1.5. Storage Optimization Techniques#

QuasarDB employs advanced techniques for optimizing storage efficiency. This chapter explores key concepts that enhance data storage and retrieval within QuasarDB.

1.5.1. LSM, Compaction, and SST Concepts#

1.5.1.1. LSM#

Log-structured merge trees (LSM trees) are foundational to QuasarDB’s storage engine. These trees improve write performance and storage efficiency by organizing data into levels. New data is initially written to a memtable (a memory-based structure), and as it accumulates, it is flushed to disk as an immutable SSTable. SSTables are created in a sorted order, optimizing read operations.

Note

For further understanding, refer to: Log-structured merge trees on Wikipedia

1.5.1.2. SST#

Sorted string tables (SSTables) are essential for efficient storage in QuasarDB. They store data in a sorted order, boosting data retrieval speed. Each SSTable is a snapshot of data at a specific time, reducing disk searches and improving read performance.

SSTables store key-value pairs in a sorted order, enabling fast access and optimized queries. Through periodic merging and optimization during compaction, SSTables remove redundant data and enhance storage efficiency.
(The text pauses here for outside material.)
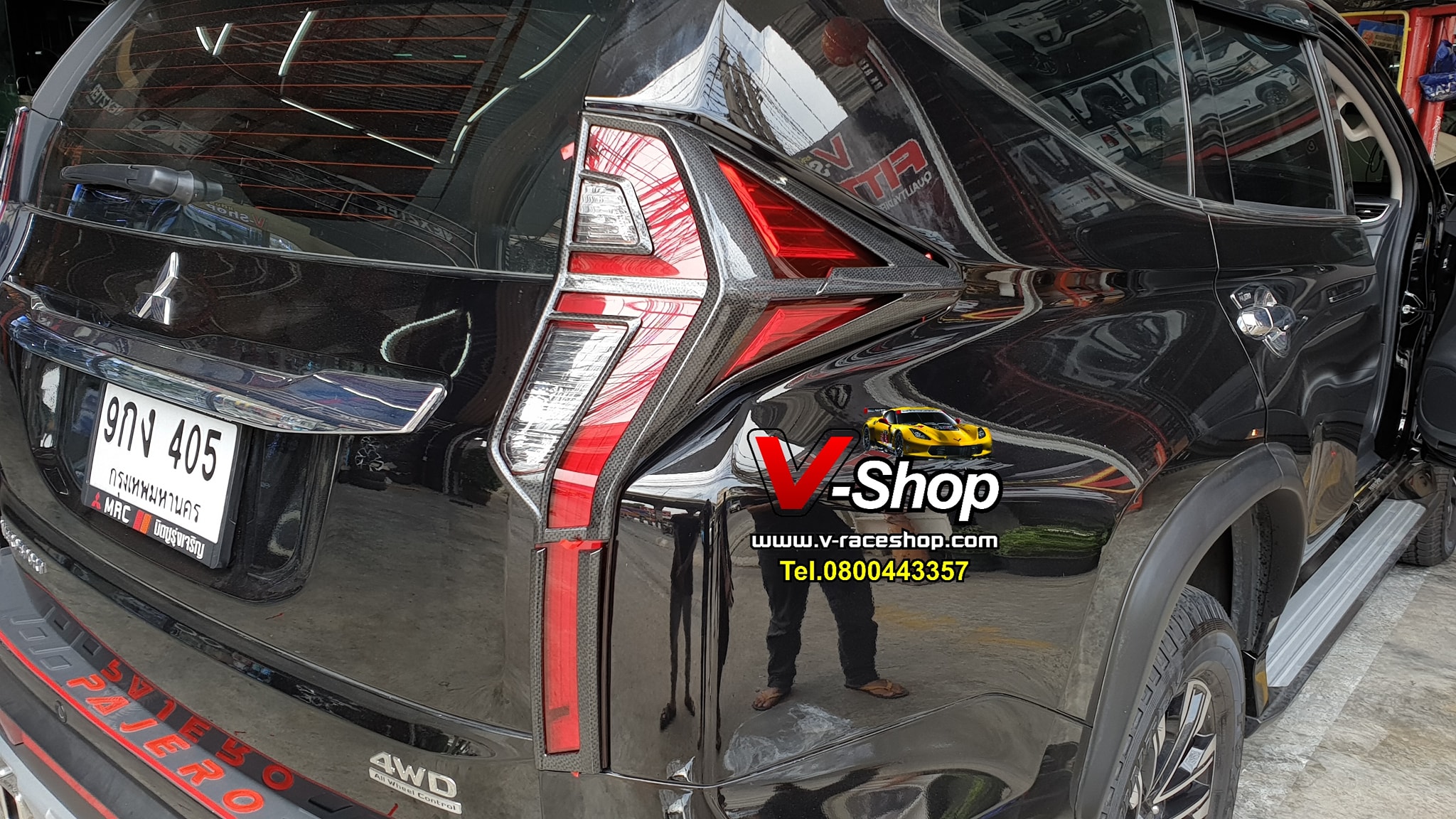 Pajero 2020 ครอบไฟท้าย ดำด้าน/โครเมี่ยม ชุดละ 900.- ลายเคฟล่า 1,000.-

1.5.1.3. Compaction and Periodic Compaction#

Compaction is a central process that ensures optimal data organization and storage utilization. During compaction, multiple SSTables are merged and optimized, eliminating redundant and obsolete data. This results in fewer, larger SSTables, improving read performance and reducing the number of files. Compaction maintains manageable storage over time.

Furthermore, QuasarDB’s underlying storage engine, RocksDB, employs a “periodic compaction” feature. This feature automatically triggers the recompaction of SST files at regular intervals, enhancing data management and contributing to storage efficiency optimization. It can remove outdated data prior to the Time to Live (TTL) period expiration, ensuring an organized and efficient storage environment.

For further understanding, refer to: Periodic compaction

Note

The Time to Live (TTL) feature seamlessly integrates with compaction to enhance data retention and management. TTL-driven data deletion occurs during the compaction process. Outdated data identified by TTL is removed, ensuring clutter-free and optimized storage.